Как настроить учетные данные федеративной службы

В Windows Communication Foundation (WCF) создание федеративной службы состоит из следующих основных процедур:

1. Настройка WSFederationHttpBinding или аналогичной пользовательской привязки. Дополнительные сведения о создании соответствующей привязки см. в статье "Практическое руководство. Создание WSFederationHttpBinding".

2. Настройка объекта IssuedTokenServiceCredential, который определяет процесс аутентификации выданных токенов, которые представляются службе.

В этом разделе описывается второй этап. Дополнительные сведения о том, как работает федеративная служба, см. в статье "Федерация".

Настройка свойств класса IssuedTokenServiceCredential в коде

1. Свойство IssuedTokenAuthentication класса ServiceCredentials служит для возврата ссылки на экземпляр IssuedTokenServiceCredential. Доступ к этому свойству осуществляется через свойство Credentials класса ServiceHostBase.

2. Установите для свойства AllowUntrustedRsaIssuers значение true, если необходимо аутентифицировать самостоятельно выданные маркеры, такие как карточки CardSpace. Значение по умолчанию — false.

3. Заполните коллекцию, возвращаемую свойством KnownCertificates, экземплярами класса X509Certificate2. Каждый экземпляр представляет эмитента, от которого служба будет проверять подлинность токенов.

   Примечание.

   В отличие от клиентской коллекции, возвращаемой свойством ScopedCertificates, коллекция известных сертификатов не является коллекцией с ключом. Служба принимает маркеры, выдаваемые заданным сертификатом, независимо от адреса клиента, который отправил сообщение с выданным маркером (на него накладываются дополнительные ограничения, описанные ниже в этом разделе).

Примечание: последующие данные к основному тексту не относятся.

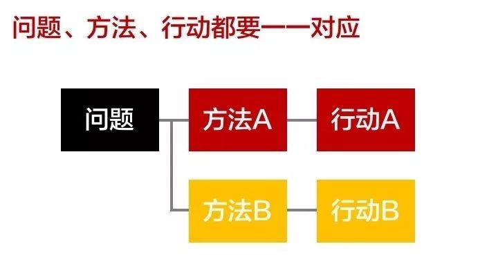 无论遇到什么问题,德国人的思考都遵循“对应原则”。哪个问题对应哪些解决方法,每个解决方法中都挑明了要进行什么行动(如下图):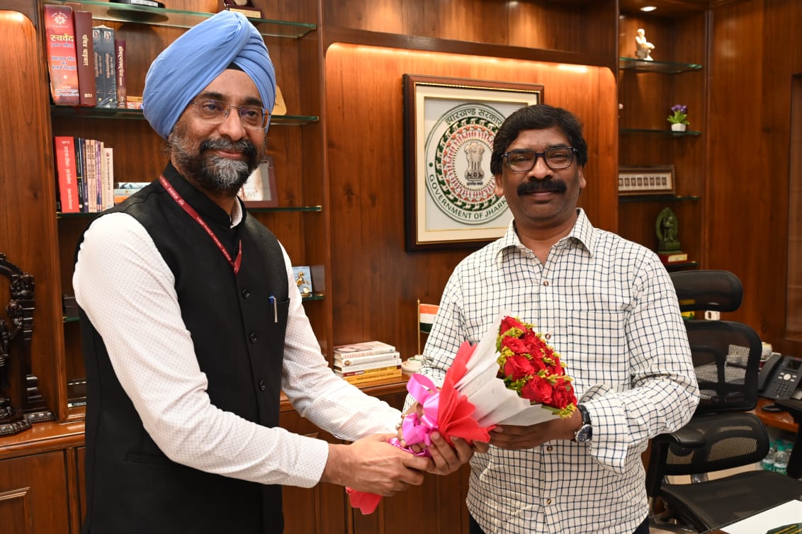 टीम एबीएन, रांची। मुख्यमंत्री हेमन्त सोरेन से आज कांके रोड रांची स्थित मुख्यमंत्री आवासीय कार्यालय में रांची रेल मंडल के डीआरएम जसमीत सिंह बिंद्रा एवं सीनियर डीसीएम श्री निशांत कुमार ने मुलाकात की।
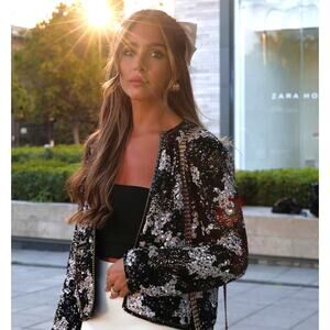 RARE!!! Round neck long sleeve cardigan. Front pockets. Sequin appliqués. From ZARA, in size S. New with tags. Sold out in stores.

4. Присвойте свойству CertificateValidationMode одно из значений перечисления X509CertificateValidationMode. Это можно сделать только в коде. Значение по умолчанию — ChainTrust.

5. Если свойство CertificateValidationMode имеет значение Custom, присвойте экземпляр пользовательского класса X509CertificateValidator свойству CustomCertificateValidator.

6. Если свойство CertificateValidationMode имеет значение ChainTrust или PeerOrChainTrust, присвойте свойству RevocationMode соответствующее значение из перечисления X509RevocationMode. Обратите внимание, что в режимах проверки PeerTrust и Custom, режим отзыва не используется.

7. Если необходимо, присвойте экземпляр пользовательского класса SamlSerializer свойству SamlSerializer. Пользовательский сериализатор языка Security Assertions Markup Language (SAML) требуется, например, для анализа пользовательских утверждений SAML.

Для задания свойств IssuedTokenServiceCredential в конфигурации

1. <issuedTokenAuthentication> Создайте элемент в качестве дочернего <serviceCredentials> элемента.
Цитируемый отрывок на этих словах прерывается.